The pilot version of the GREAT (Gene Recognition and Exon Assembly Tool) software, which uses the simplest site recognition and codon usage objective functions, has been tested on an independent set of genes and benchmarked against GRAIL-2. The results were comparable: GREAT demonstrated higher sensitivity but smaller specificity than GRAIL-2 [Gelfand et al., 1994]. From this perspective it might be useful to combine the strengths of both approaches in a hybrid system.

Another issue we address is related to on-line database search for gene recognition. Existence of introns makes it necessary to use gapped matches, leading to new combinatorial problems [Pevzner and Waterman, 1994]. On the other hand, combination of exon assembly and similarity search approaches leads to the problem of finding the best local similarity between a set of candidate exon-intron structures and a sequence from the database. An efficient algorithm for this problem, related to approximate matching of regular expressions, has been constructed [Rubinov et al., 1994].

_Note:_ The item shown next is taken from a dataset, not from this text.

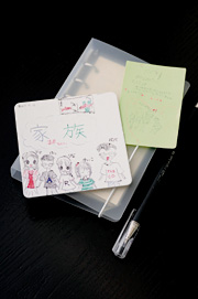 My favorite 子どもたちに贈られた手帳と絵入りのコースター。先の細いカラーペンで、家族の絵がかわいらしく描かれている

Further development will be directed towards combining of on-line database search and exon assembly, development of new coding potentials accounting to genome inhomogeneity, improvement of the structure scoring schemes, backtrack assignment of prediction certainty to individual exons, and creation of programs for analysis of large sequence fragments containing multiple genes.

The work is supported by DOE under the grant DE-FG02-94ER61919.

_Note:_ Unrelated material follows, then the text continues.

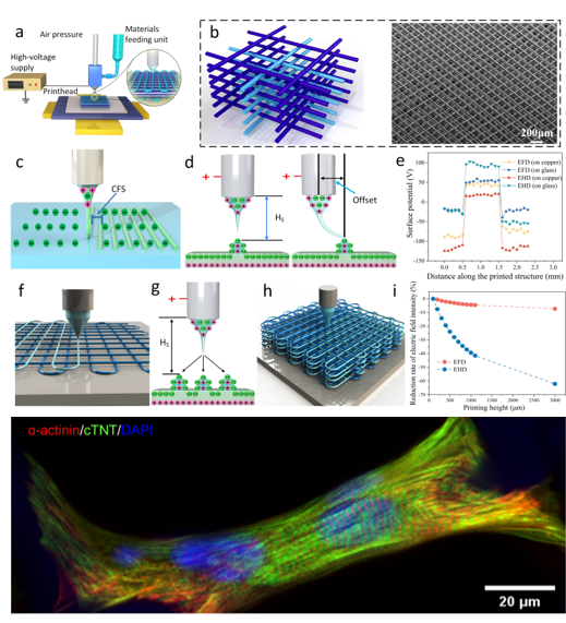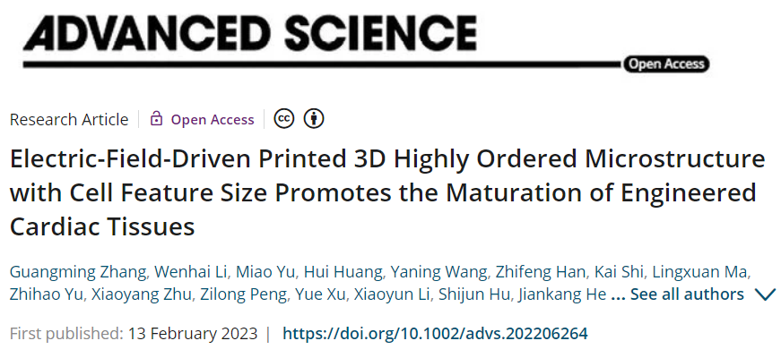 近日,yl88858永利官网山东省增材制造工程技术研究中心联合苏州大学心血管病研究所、西安交通大学、青岛大学附属医院等多家单位,在电场驱动喷射微3D打印组织工程支架方面取得重要进展,相关研究成果以“Electric-Field-Driven Printed 3D Highly Ordered Microstructure with Cell Feature Size Promotes the Maturation of Engineered Cardiac Tissues”为题,发表在国际高水平期刊《Advanced Science》(中科院大类一区, IF 17.521)。我校张广明副教授和李汶海硕士为论文共同第一作者,兰红波教授为通讯作者,青岛理工大学为第一署名通讯单位。该成果具有典型的“医工结合”特色,也是我校首次在该领域发表成果。

Gelfand M.S., Roytberg M.A. (1993) A dynamic programming algorithm for prediction of the exon-intron structure. BioSystems 30, 173-182.
Gelfand M.S., Podolsky L.I., Astakhova T.V., Roytberg M.A. (1994) Recognition of genes in human DNA sequences. Technical Report CSE-94-059, The Pennsylvania State University.
Gelfand M.S. (1994) Prediction of function in DNA sequence analysis. Technical Report CSE-94-060, The Pennsylvania State University.
Pevzner P.A., Waterman M.S. (1994) Multiple filtration and approximate pattern matching. Algorithmica (to appear).
Rubinov A.R., Gelfand M.S., Pevzner P.A. (1994) Exon assembly and fast database search (in preparation).